(RECORDED DATA)

::::

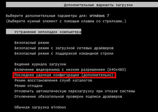 - З представленого списку варіантів завантаження виберете — «Завантаження останньої вдалої конфігурації…».
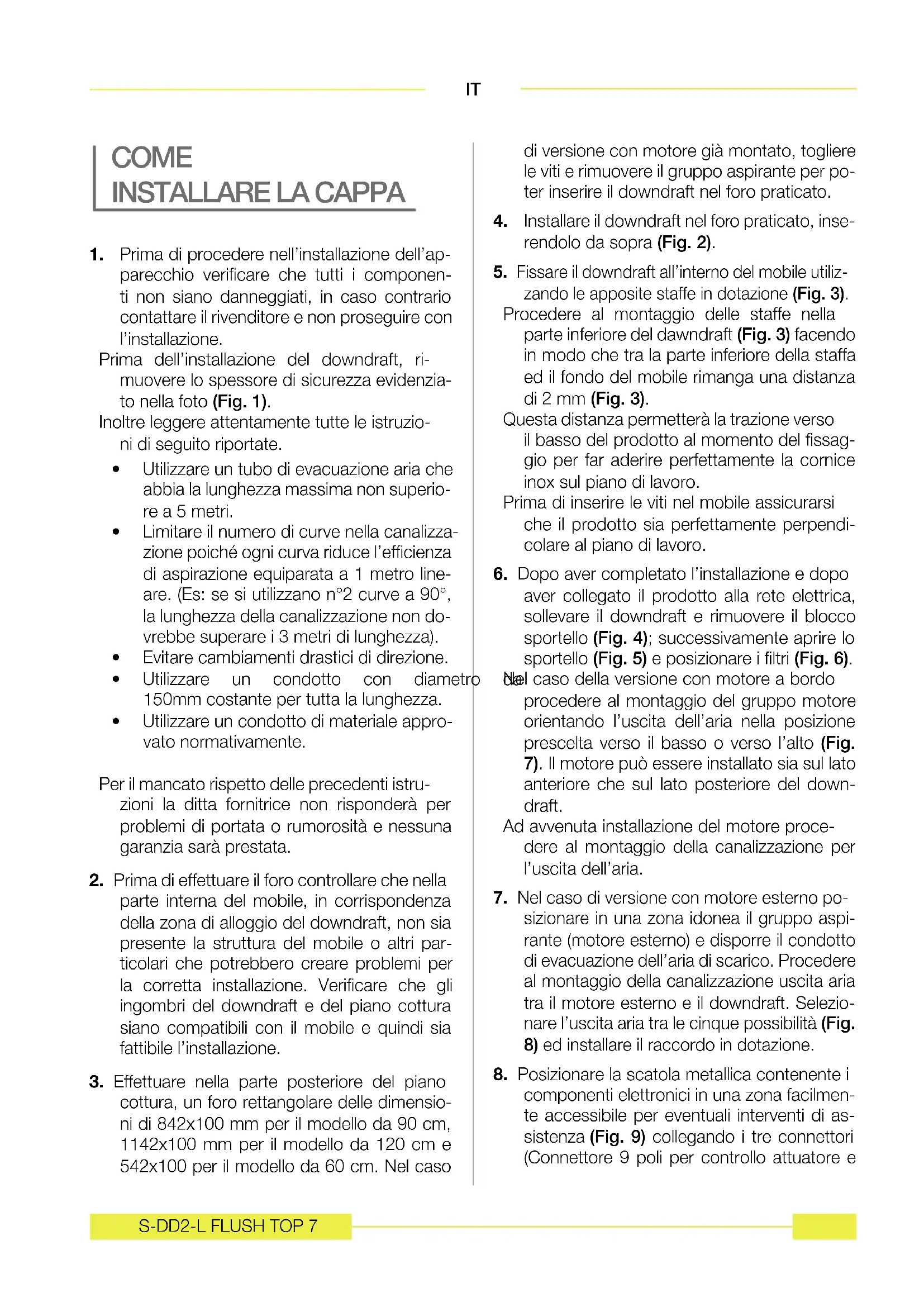 - Durante la movimentazione del Downdraft non posizionare le mani nel raggio di azione del carrello estraibile. Nell’intento costante di migliorare i nostri prodot- ti, ci riserviamo il diritto di apportare alle loro ca- ratteristiche tecniche, funzionali o estetiche tutte le modifiche derivanti dalla loro evoluzione. Nel caso di versione esternal motor, per il nor- male funzionamento del downdraft è necessario utilizzare un gruppo aspirante (motore esterno) della stessa casa produttrice. L’aria raccolta non deve essere convogliata in un condotto usato per lo scarico di fumi di apparec- chi alimentati con energia diversa da quella elet- trica (impianti di riscaldamento centralizzati ecc:). Per lo scarico dell’aria da evacuare rispettare le prescrizioni delle autorità competenti. AVVERTENZA Conservare le presenti istruzioni d’uso con l’apparecchio. Se l’apparecchio dovesse essere venduto o ceduto ad altri, assicurar- si che esso sia accompagnato dalle presenti istruzioni. Vi ringraziamo di prendere nota di questi consigli prima di installare e utilizzare l’apparecchio. Essi sono stati redatti per la sicurezza personale vostra e altrui.S-DD2-L FLUSH TOP 5
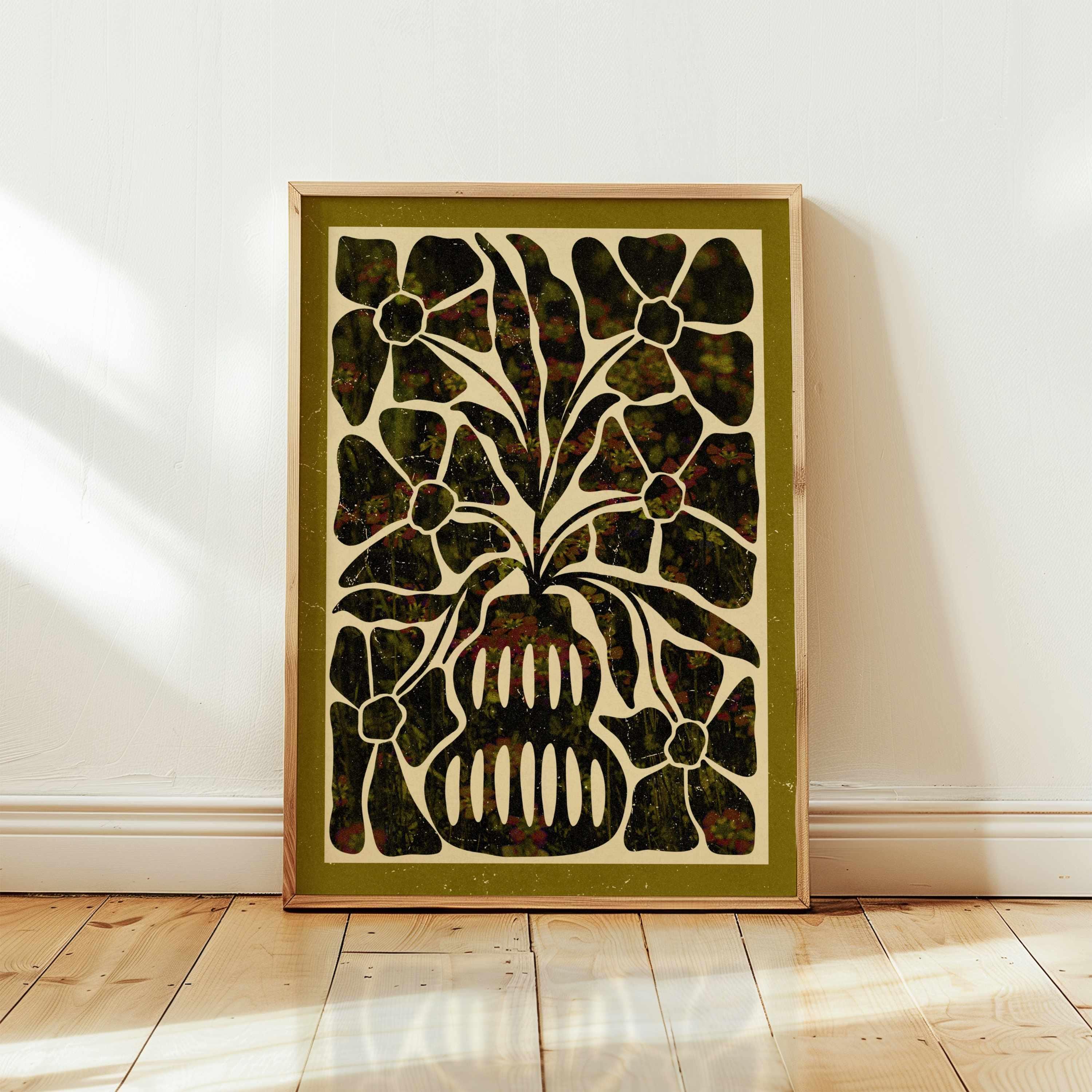 Abstract retro flower print with mid century vibes, Matisse-inspired botanical elements and lovely earthy colors. This 60s-70s aesthetic floral print is perfect for enhancing up any space, be it your living room, bedroom, dining room, office, or anywhere else. This print also makes a thoughtful and unique gift for your friend for a special event like Christmas, birthday, or housewarming.

::::

(WORK ITEM) Exact repetition of each line above is expected; images are to be omitted.

(RESULT OF THIS TASK)
 - З представленого списку варіантів завантаження виберете — «Завантаження останньої вдалої конфігурації…».
 - Durante la movimentazione del Downdraft non posizionare le mani nel raggio di azione del carrello estraibile. Nell’intento costante di migliorare i nostri prodot- ti, ci riserviamo il diritto di apportare alle loro ca- ratteristiche tecniche, funzionali o estetiche tutte le modifiche derivanti dalla loro evoluzione. Nel caso di versione esternal motor, per il nor- male funzionamento del downdraft è necessario utilizzare un gruppo aspirante (motore esterno) della stessa casa produttrice. L’aria raccolta non deve essere convogliata in un condotto usato per lo scarico di fumi di apparec- chi alimentati con energia diversa da quella elet- trica (impianti di riscaldamento centralizzati ecc:). Per lo scarico dell’aria da evacuare rispettare le prescrizioni delle autorità competenti. AVVERTENZA Conservare le presenti istruzioni d’uso con l’apparecchio. Se l’apparecchio dovesse essere venduto o ceduto ad altri, assicurar- si che esso sia accompagnato dalle presenti istruzioni. Vi ringraziamo di prendere nota di questi consigli prima di installare e utilizzare l’apparecchio. Essi sono stati redatti per la sicurezza personale vostra e altrui.S-DD2-L FLUSH TOP 5
 Abstract retro flower print with mid century vibes, Matisse-inspired botanical elements and lovely earthy colors. This 60s-70s aesthetic floral print is perfect for enhancing up any space, be it your living room, bedroom, dining room, office, or anywhere else. This print also makes a thoughtful and unique gift for your friend for a special event like Christmas, birthday, or housewarming.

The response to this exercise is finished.